# 1993 rotary cutter model/serial # plate?



## CLaCons (Jan 4, 2017)

Hello all,


I have been charged with the task of getting my grand father's old bush hog going again. I think its about 13 or so feet wide with dual blades. It has a gear box where the pto shaft connects and twin shafts come out of the sides to power 2 more gear boxes that turn the blades. When I looked at it to figure out what the problem was, I picked up the pto shaft and turned it. It will turn freely and all parts move as they should till about a quarter turn each direction. That's when u can feel and hear the gears in the ( I'm going to call it a Tee box for lack of better knowledge) clink and clunk and stops the turning of all parts. I'm sure it has broken gears and or maybe a few other parts. I'm trying to find parts but can't find a model #, serial number, or a plate with any numbers on it at all. Can someone tell me where to look for this plate as to i have no idea if its even there anymore? Also if its not, I can get some pics in a few weeks when i go back to try and load this oversized load on my equipment trailer. All help is much appreciated.


----------



## TraderMark (Nov 15, 2011)

ClaCons,

If it is a true Bush Hog brand, there should be a tag on each gearbox with the model and serial number of that gearbox. You don't have to have the model and serial number of the mower for Bush Hog brand gear box parts.
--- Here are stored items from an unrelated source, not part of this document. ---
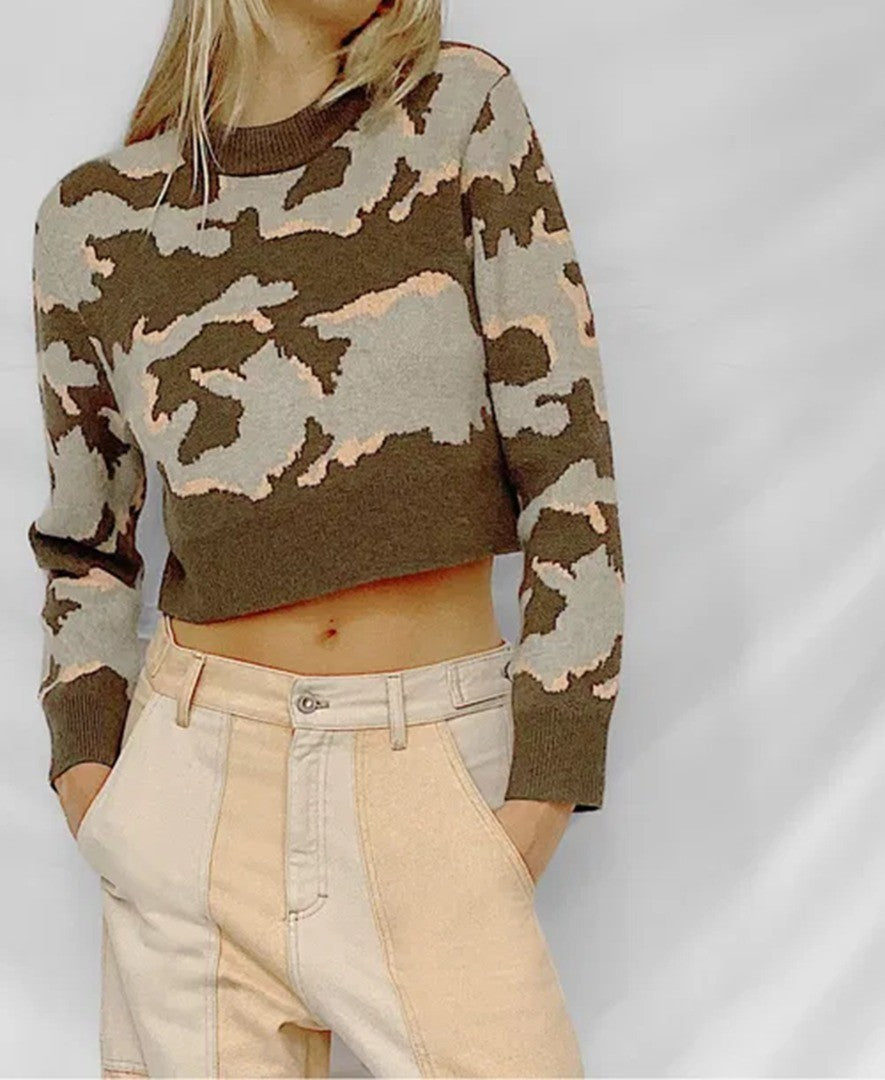 The epitome of modern military style, the Kylah Camo Crew Neck Jumper has a cropped silhouette, ribbed trims and tonal camouflage print in pastel hues.
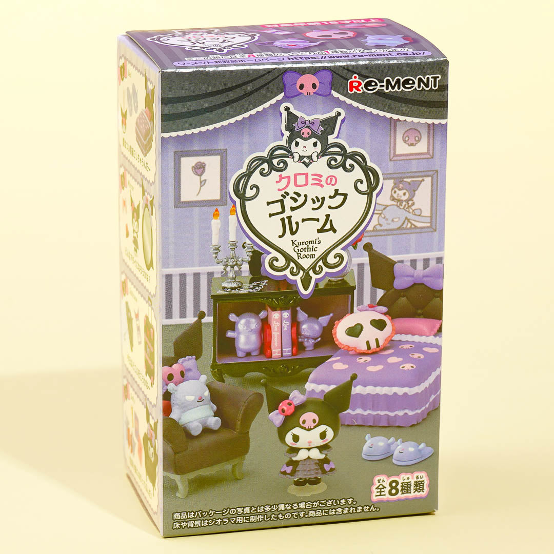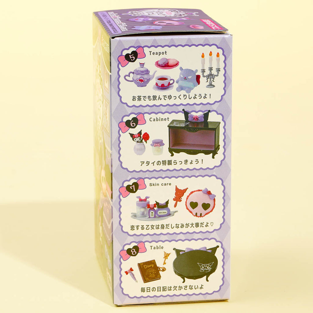 Add this gothic-themed miniature set to your toy display! It comes from the "Kuromi's Gothic Room" series of miniatures featuring bedroom items. The entire collection includes a bed set, a mirror set, a suitcase set, a sofa set, a teapot set, a cabinet set, a skincare set, and a table set. Be sure to collect all eight sets to complete Kuromi's kawaii room!
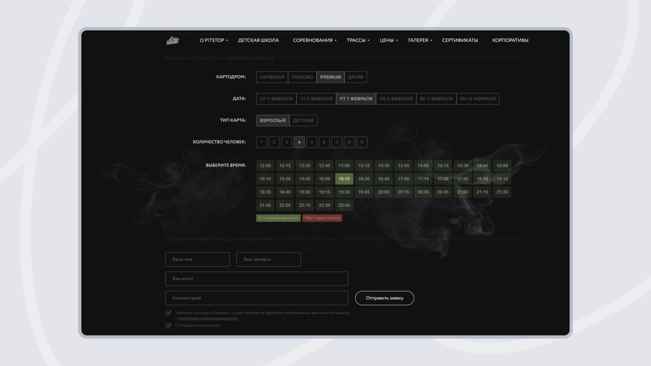 В результате комплексной работы над сайтом сети картинг-клубов PitStop Karting была успешно реализована многофункциональная и гибкая система онлайн-бронирования, которая учитывает разнообразные условия.
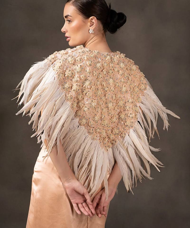 | Product Description | This Peach Ensemble Features A Silky Drape Skirt With Soft Pleats And Delicate Lace Detailing At The Hem. It Is Styled With A Sheer Embroidered Blouse, Adding Subtle Elegance. The Highlight Is The Dramatic Cape Adorned With Intricate Floral Work And Cascading Feathers, Creating A Modern Yet Couture Statement.
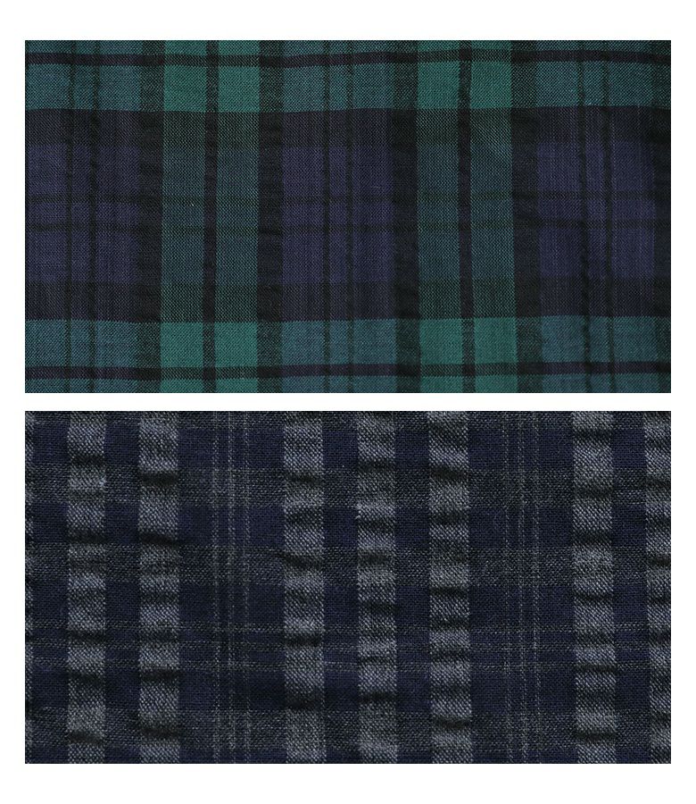 表面に凹凸のある、やや薄手のサッカー生地。柔らかくさらりとした素材感で、快適な着心地が魅力です。
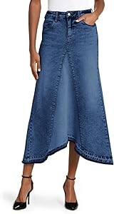 Джинсовая макси-юбка Fisoew с высокой талией и асимметричным подолом, 68% хлопок, 30% полиэстер
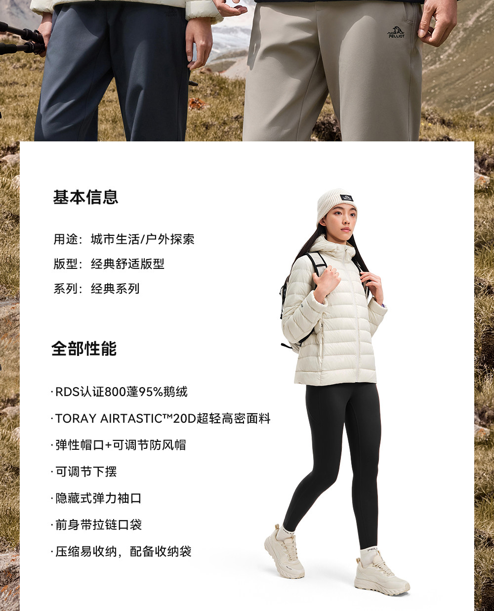 [Classic 3.0] Pelliot Goose down Ribbed down Jacket 800 Fill Power Women's New Outdoor Jacket Inner Liner Men's
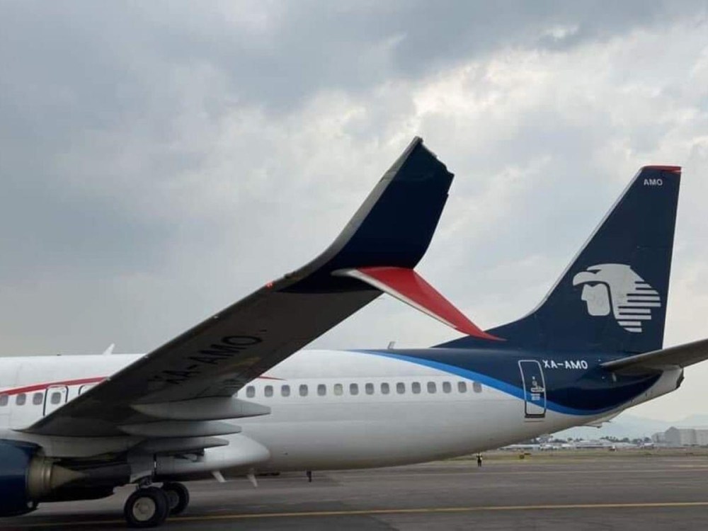 L’estremità alare sinistra di un Boeing 737/800 Aeromexico con la parte superiore di una split scimitar winglet e’ entrata in collisione vi. Lo stabilizzatore destro di un Boeing 757/200 Delta Air Lines.
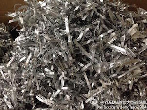 越都大型碎紙機(jī)事業(yè)部為全球最大的抗腫瘤藥物研發(fā)企業(yè)――羅氏制藥,提供銷毀中心建設(shè)解決方案,圖2為藥品鋁箔包裝粉碎效果。
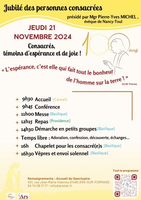 [JUBILÉ ARS 2025] -Jubilé des consacrés - Jeudi 21 novembre 2024 [JUBILÉ ARS 2025] - Jubilé des consacrés Quand le 21/11/2024 Où Sanctuaire d'Ars Contact Accueil Sanctuaire d'Ars Téléphone 04 74 08 17 17 Ajouter l'événement au calendrier vCal iCal Avec Mgr Pierre-Yves MICHEL, évêque de Nancy-Toul Suivez la journée jubilaire en direct de la chapelle du Carmel à Ars-sur-Formans : Suivez le diocèse Belley-Ars : Suivez le sanctuaire d'Ars : Plus d'informations sur cet événement…
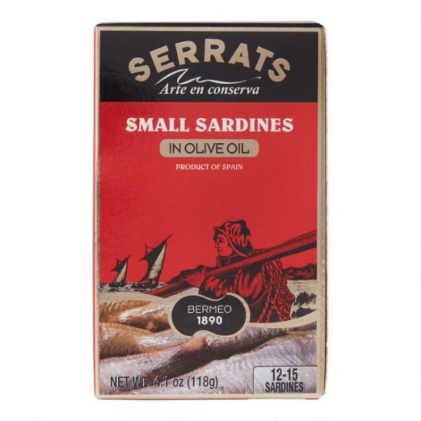 Serrats konzervované sardinky v olivovom oleji, ktoré boli ulovené čerstvé pri severnom pobreží Španielska, sú vždy silne ochutené a jemne šťavnaté. Chutné na Caesar šalátoch, mleté na omáčky na cestoviny a na plochý chlieb, tieto chudé ryby nabité bielkovinami sú všestranné a uspokojujúce s množstvom omega-3.
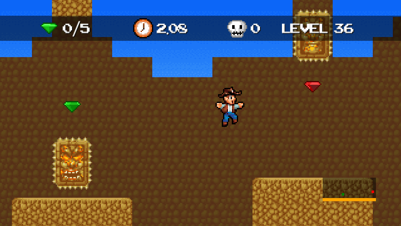 Kris Steele: I’ve wanted to do a platforming game for a while, as those are the types of games that really got me into gaming, but I wanted to do something unique too. My previous release Hypership is pretty frantic, fast paced, and has been extremely well received by gamers. I wanted a way to tie that fast paced action into a more traditional platformer and thus the concept of being trapped in a volcano with rising lava was born. The pixel art style really came about because that’s the style of the platforming games I loved the most growing up. The game isn’t complex, you run and you jump and you collect items and avoid enemies… in a way, a more simple, old school art style seemed more fitting to this.

If you're using the term bush hog in a general sense, maybe you post some pics and we can help you identify the brand.

HTH,
Mark


----------



## CLaCons (Jan 4, 2017)

Sorry Mark as I don't know what brand it is. All I can tell u is its red and my grandma seems to think it is an international harvester rotary cutter. I'll try to get pics next weekend or so. And I used bush hog as to what it is knowing it's just a brand name. Sorry if there was any confusion. Thanks for the help


----------



## CLaCons (Jan 4, 2017)

Got the photos. Can anyone help identify this rotary cutter?


----------



## CLaCons (Jan 4, 2017)

We think it's an international Harvester.


----------



## CLaCons (Jan 4, 2017)

It's actually an international brand rotary cutter. Found the info I needed. Thanks


----------